В этой комнате — моей — над простым белым столом висела пробковая доска. К ней иголками были прикреплены наброски на альбомных страницах. Я медленно шла по комнате, пробегая рукой по слегка текстурированным стенам, блестящей ткани подушек на небольшом подоконнике, и, наконец, по самим наброскам, которые оказались в основном пейзажами с парой портретов. Я узнала среди них портреты Сэмми, а один принадлежал Таннеру. На наброске в центре доски были изображены они вместе, сидящие под деревом, улыбающиеся, как я предполагаю, мне.
— Ты любишь рисовать. У твоего отца чуть не случился инфаркт, когда ты сказала, что хотела бы учиться в школе искусств, — начала Надин, стоя в дверном проеме. — Это стало для тебя тяжелым ударом.
Да, и по большим причинам, чем ты думаешь.
Я чувствовала взгляд Надин на себе, пока шла по комнате, желая вспомнить хотя бы что-нибудь.
— Знакомый взгляд.
— И какой же он? — спросила я.

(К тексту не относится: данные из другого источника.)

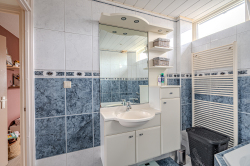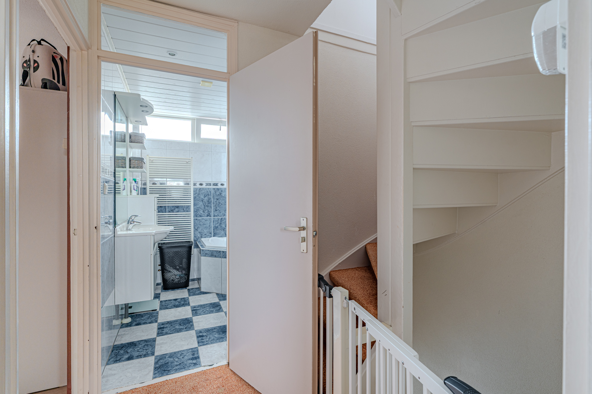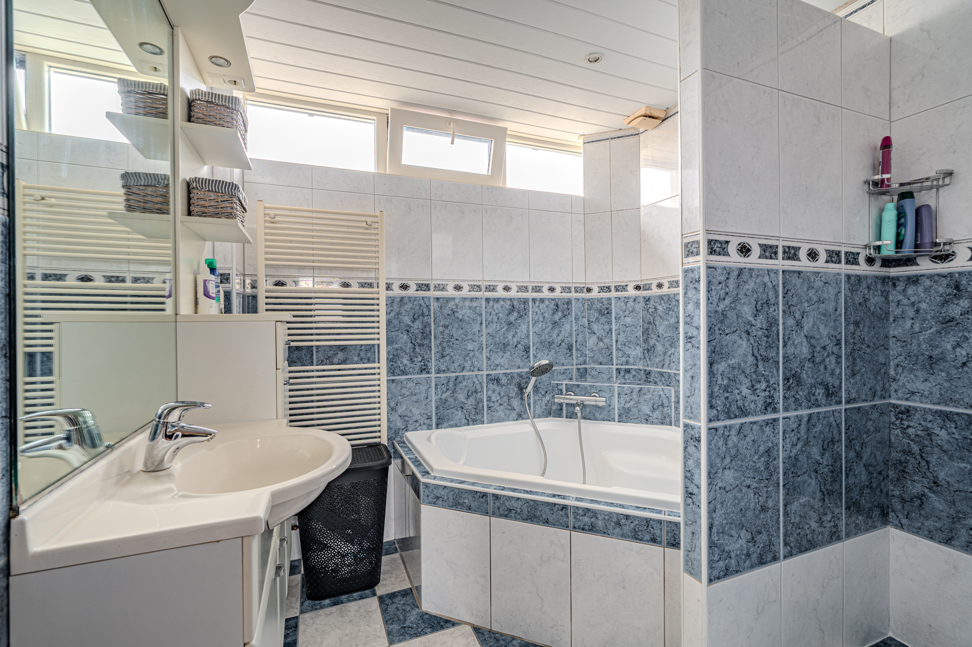 Verdieping: overloop; 3 slaapkamers (ca. 14.2m², 12.3m² en 6.7m²); ruime badkamer met douchehoek, ligbad en badmeubel met wastafel.

Сняв рисунок с доски, я прошла к окну с видом на залив и подняла его. Изображение оказалось почти идентичным картине за окном, вплоть до оконной рамы и пуговиц на подушках, обширного газона и разбросанных дубов, включая и тот, что загораживал окно. Надин вошла в комнату и присела на уголок кровати. Я так и стояла к ней спиной, продолжая сравнивать рисунок с оригиналом.